If all you need are binding affinities, you can use this instance directly.
Here’s an example:
>>> from mhcflurry import Class1AffinityPredictor
>>> predictor = Class1AffinityPredictor.load()
>>> predictor.predict_to_dataframe(allele="HLA-A0201", peptides=["SIINFEKL", "SIINFEQL"])

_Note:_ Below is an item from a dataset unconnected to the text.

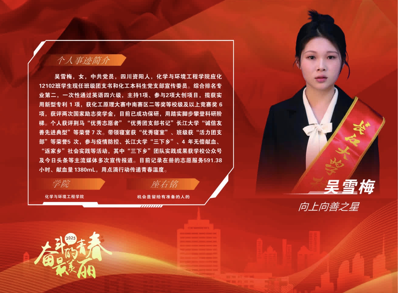 【个人简介】吴雪梅,女,汉族,中共党员,四川资阳人,bw必威西汉姆联官方网站应化12102班员工。现任班级团支部书记和化工本科生党支部宣传委员。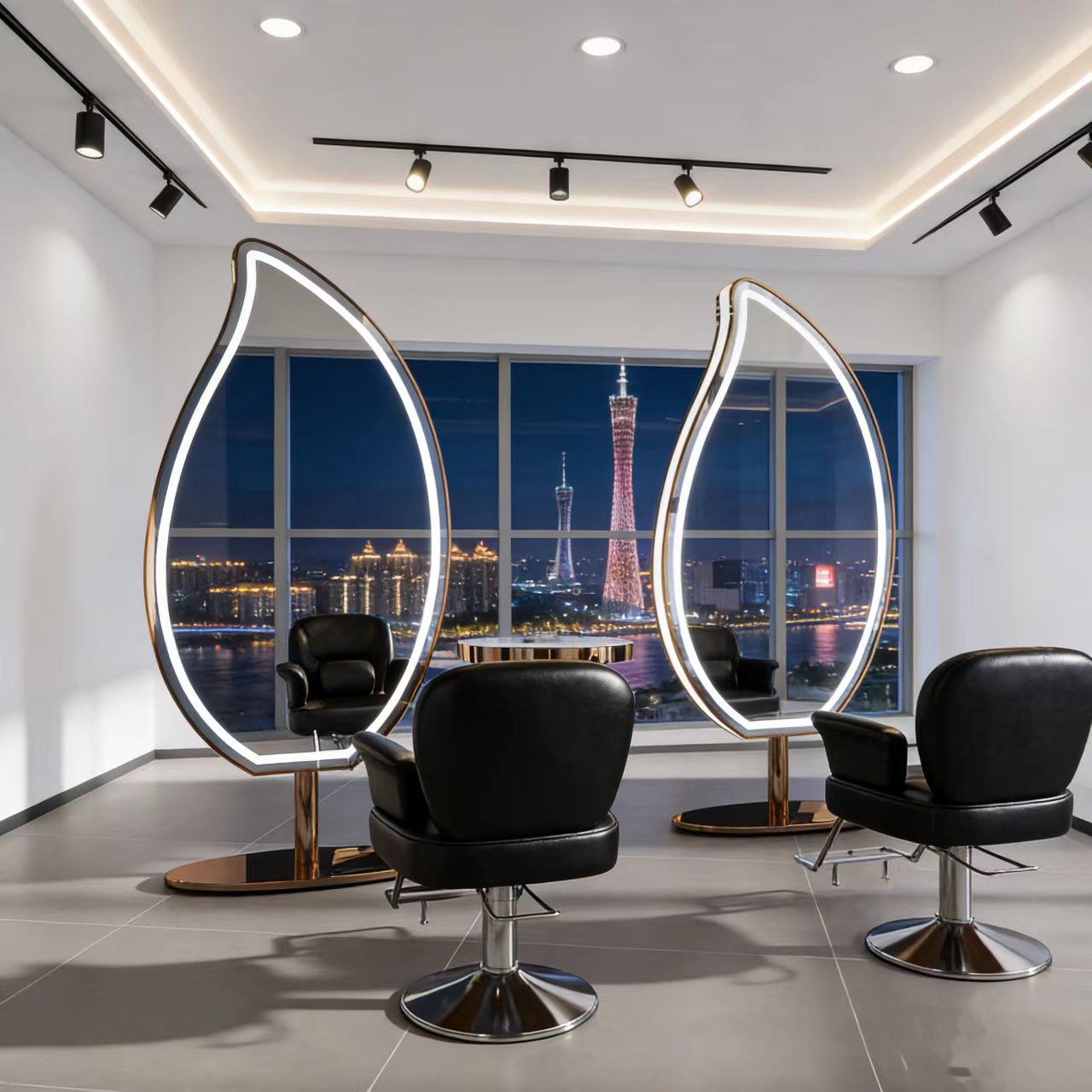 Equipped with dual LED light strips embedded in the mirror surface and side edges, the unique design salon mirror delivers soft, shadow-free illumination that’s essential for precise hair cutting, coloring, and styling. The lighting enhances the mirror’s organic leaf shape, highlighting its curved edges and lifelike contours to create a visually stunning effect. The stable, heavy-duty base ensures the mirror stays firmly grounded even in high-traffic…

peptide allele prediction prediction_low prediction_high prediction_percentile
0 SIINFEKL HLA-A0201 12906.786173 8829.460289 18029.923061 6.566375
1 SIINFEQL HLA-A0201 13025.300796 9050.056312 18338.004869 6.623625
The prediction_low
and prediction_high
fields give the 5-95 percentile
predictions across the models in the ensemble. This detailed information is not
available through the higher-level Class1PresentationPredictor
interface.
Under the hood, Class1AffinityPredictor
itself delegates to an ensemble of
of Class1NeuralNetwork
instances, which implement the neural network
models used for prediction. To fit your own affinity prediction models, call
fit
.
You can similarly use Class1ProcessingPredictor
directly for
antigen processing prediction, and there is a low-level
Class1ProcessingNeuralNetwork
with a fit
method.
See the API documentation of these classes for details.